### The problem
Starting at the top of the listing, extract every line up to and including the one with "#拡散希望 #イベント #受付中". Pictures stay out of the copy.
····················
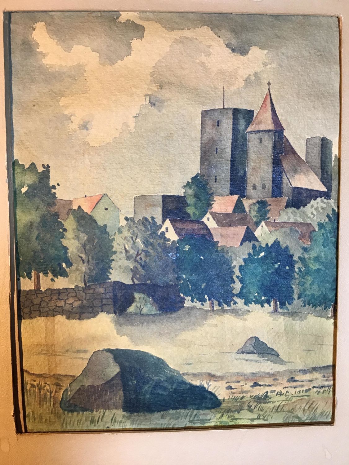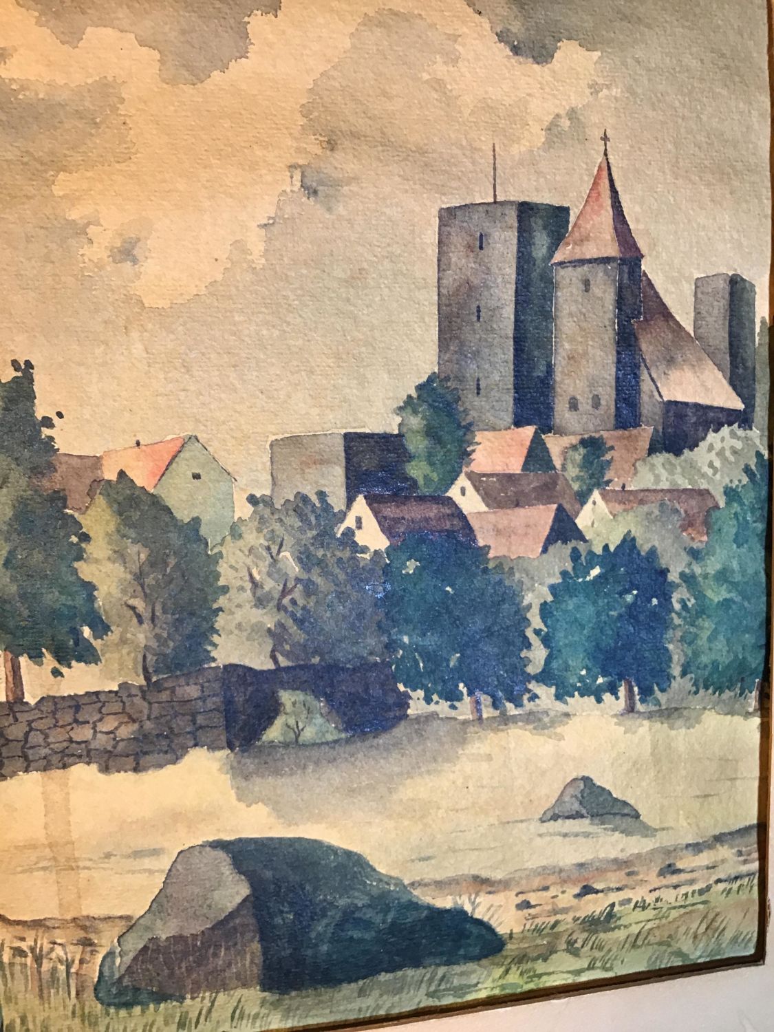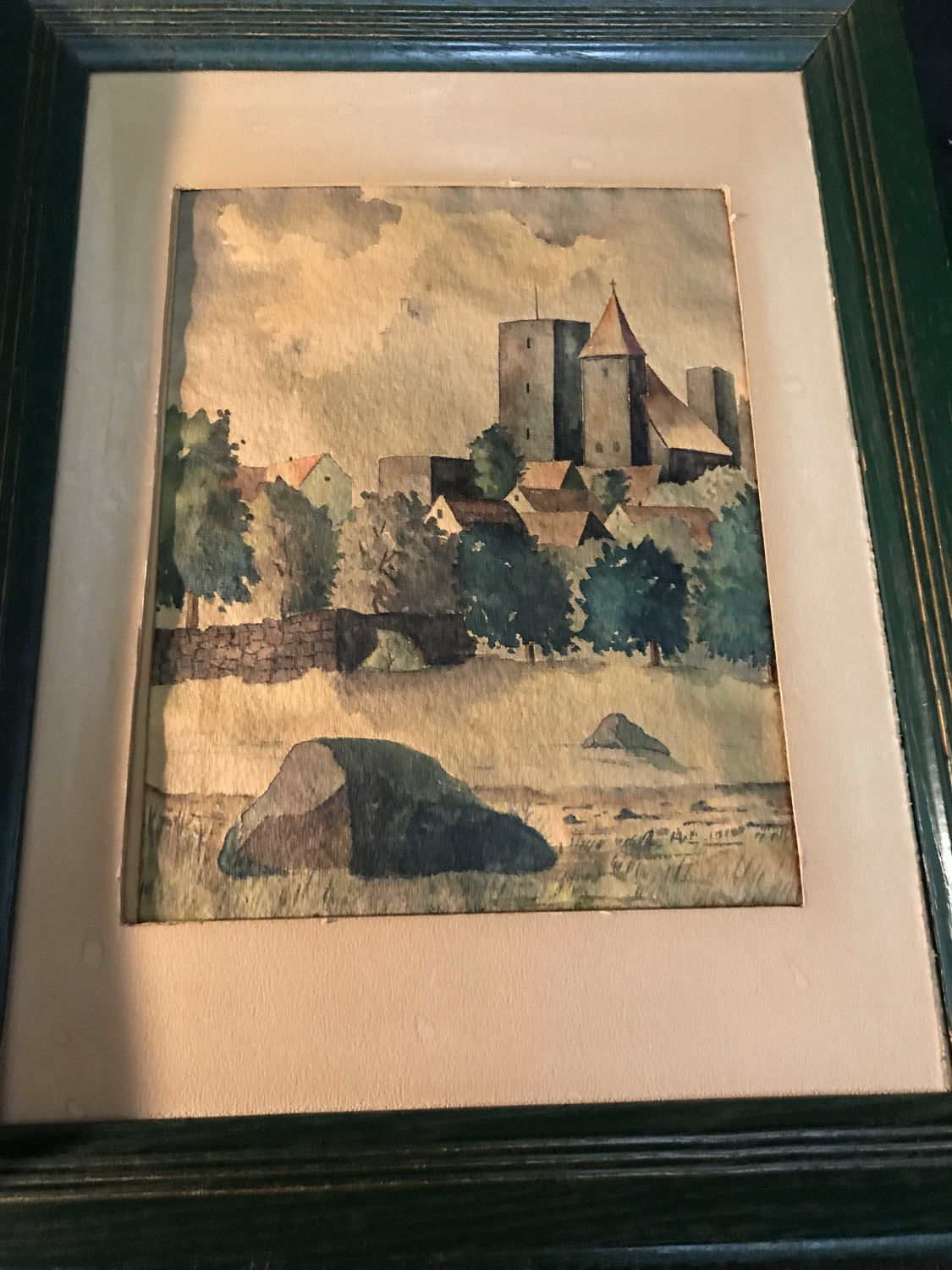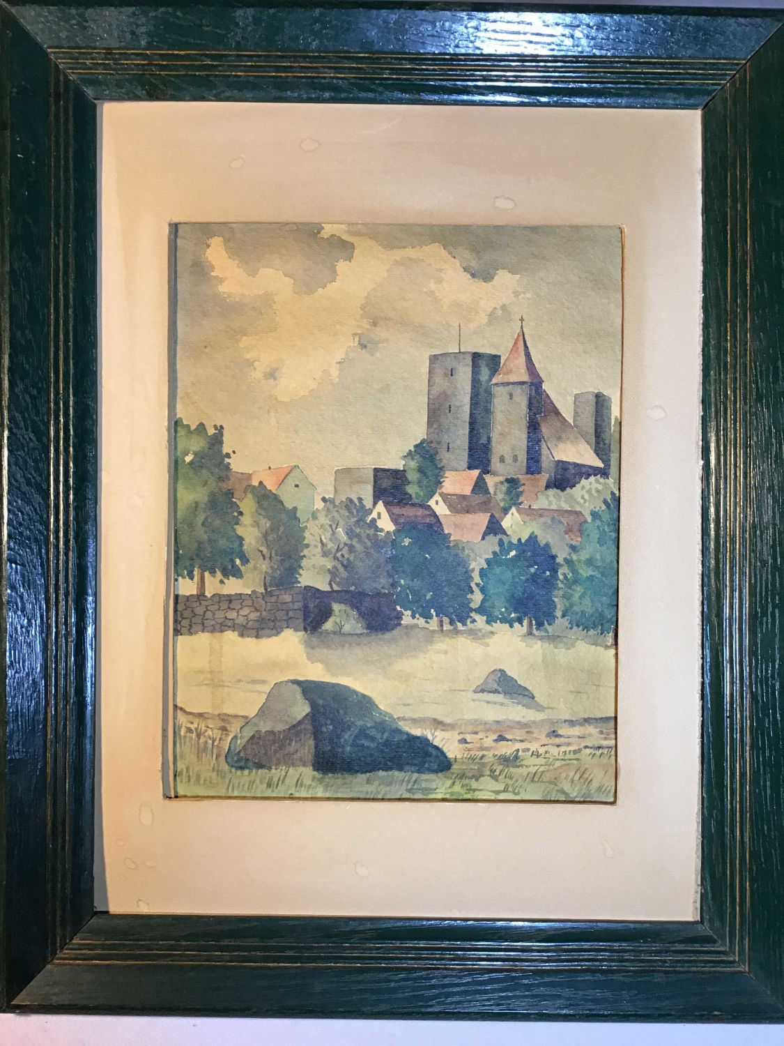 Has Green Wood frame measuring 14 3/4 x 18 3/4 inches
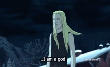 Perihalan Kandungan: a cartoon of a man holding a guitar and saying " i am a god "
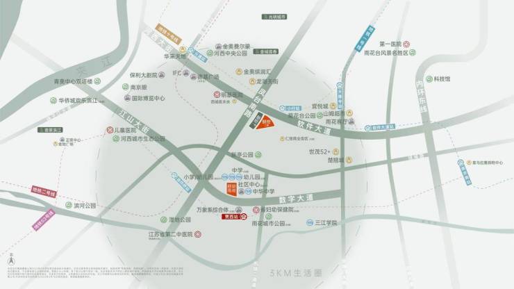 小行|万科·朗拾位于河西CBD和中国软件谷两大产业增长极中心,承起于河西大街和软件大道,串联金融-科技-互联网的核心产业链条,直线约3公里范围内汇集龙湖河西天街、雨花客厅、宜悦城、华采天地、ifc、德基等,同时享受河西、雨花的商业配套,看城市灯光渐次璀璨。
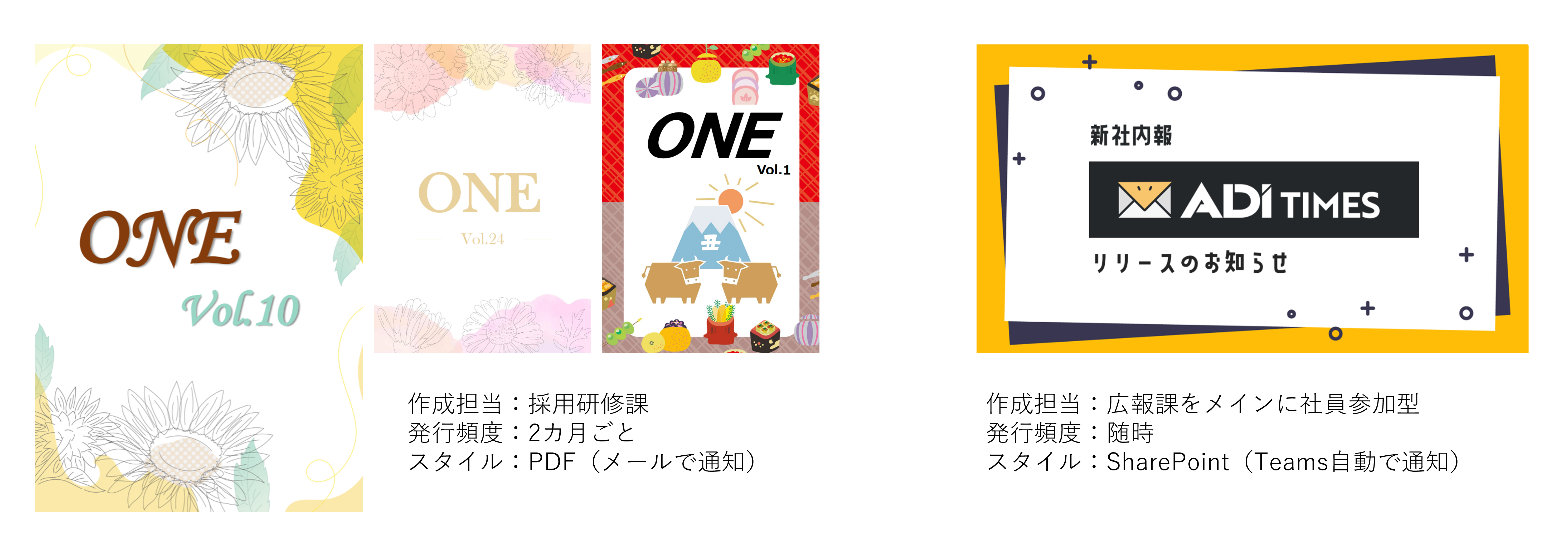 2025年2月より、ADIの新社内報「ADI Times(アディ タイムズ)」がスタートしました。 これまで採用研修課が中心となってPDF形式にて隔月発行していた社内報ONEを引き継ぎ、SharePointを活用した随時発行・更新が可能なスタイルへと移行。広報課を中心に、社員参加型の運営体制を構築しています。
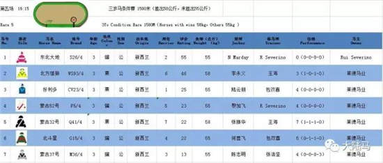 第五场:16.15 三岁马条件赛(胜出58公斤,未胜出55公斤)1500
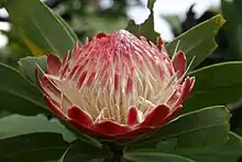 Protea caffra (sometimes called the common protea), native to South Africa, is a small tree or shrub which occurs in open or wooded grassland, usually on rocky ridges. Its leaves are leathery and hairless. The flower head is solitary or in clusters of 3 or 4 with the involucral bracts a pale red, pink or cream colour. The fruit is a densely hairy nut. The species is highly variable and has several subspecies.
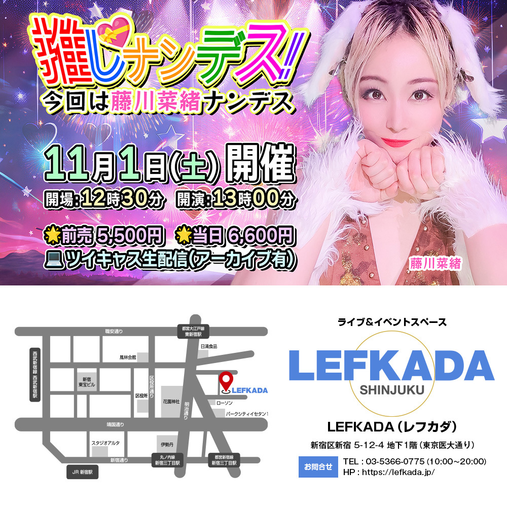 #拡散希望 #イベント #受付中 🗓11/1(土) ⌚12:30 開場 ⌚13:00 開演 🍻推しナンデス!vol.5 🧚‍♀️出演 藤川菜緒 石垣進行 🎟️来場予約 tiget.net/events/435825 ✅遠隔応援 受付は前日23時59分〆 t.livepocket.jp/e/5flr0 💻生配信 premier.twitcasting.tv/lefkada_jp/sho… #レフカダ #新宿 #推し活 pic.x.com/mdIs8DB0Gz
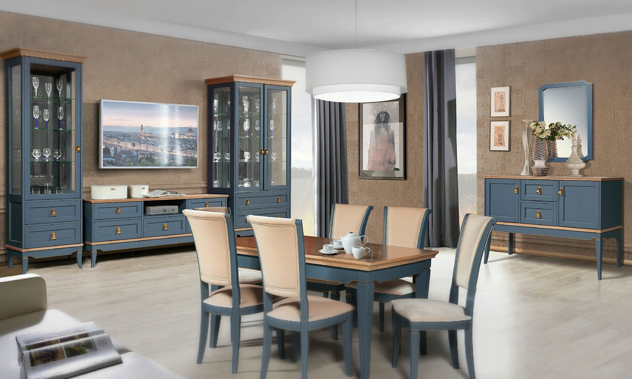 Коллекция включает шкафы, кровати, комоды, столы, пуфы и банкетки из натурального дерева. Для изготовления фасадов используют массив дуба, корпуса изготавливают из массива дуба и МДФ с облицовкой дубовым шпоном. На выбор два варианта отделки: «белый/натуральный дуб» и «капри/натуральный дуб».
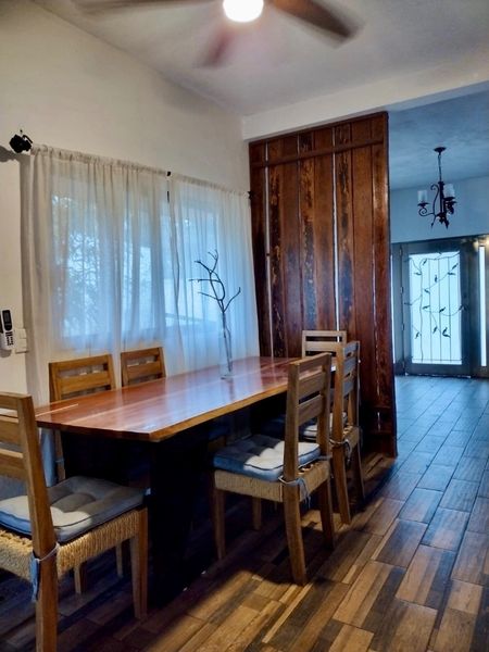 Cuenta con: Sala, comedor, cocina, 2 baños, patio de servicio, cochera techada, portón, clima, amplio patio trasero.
····················
### Task response
 Has Green Wood frame measuring 14 3/4 x 18 3/4 inches
 Perihalan Kandungan: a cartoon of a man holding a guitar and saying " i am a god "
 小行|万科·朗拾位于河西CBD和中国软件谷两大产业增长极中心,承起于河西大街和软件大道,串联金融-科技-互联网的核心产业链条,直线约3公里范围内汇集龙湖河西天街、雨花客厅、宜悦城、华采天地、ifc、德基等,同时享受河西、雨花的商业配套,看城市灯光渐次璀璨。
 2025年2月より、ADIの新社内報「ADI Times(アディ タイムズ)」がスタートしました。 これまで採用研修課が中心となってPDF形式にて隔月発行していた社内報ONEを引き継ぎ、SharePointを活用した随時発行・更新が可能なスタイルへと移行。広報課を中心に、社員参加型の運営体制を構築しています。
 第五场:16.15 三岁马条件赛(胜出58公斤,未胜出55公斤)1500
 Protea caffra (sometimes called the common protea), native to South Africa, is a small tree or shrub which occurs in open or wooded grassland, usually on rocky ridges. Its leaves are leathery and hairless. The flower head is solitary or in clusters of 3 or 4 with the involucral bracts a pale red, pink or cream colour. The fruit is a densely hairy nut. The species is highly variable and has several subspecies.
 #拡散希望 #イベント #受付中 🗓11/1(土) ⌚12:30 開場 ⌚13:00 開演 🍻推しナンデス!vol.5 🧚‍♀️出演 藤川菜緒 石垣進行 🎟️来場予約 tiget.net/events/435825 ✅遠隔応援 受付は前日23時59分〆 t.livepocket.jp/e/5flr0 💻生配信 premier.twitcasting.tv/lefkada_jp/sho… #レフカダ #新宿 #推し活 pic.x.com/mdIs8DB0Gz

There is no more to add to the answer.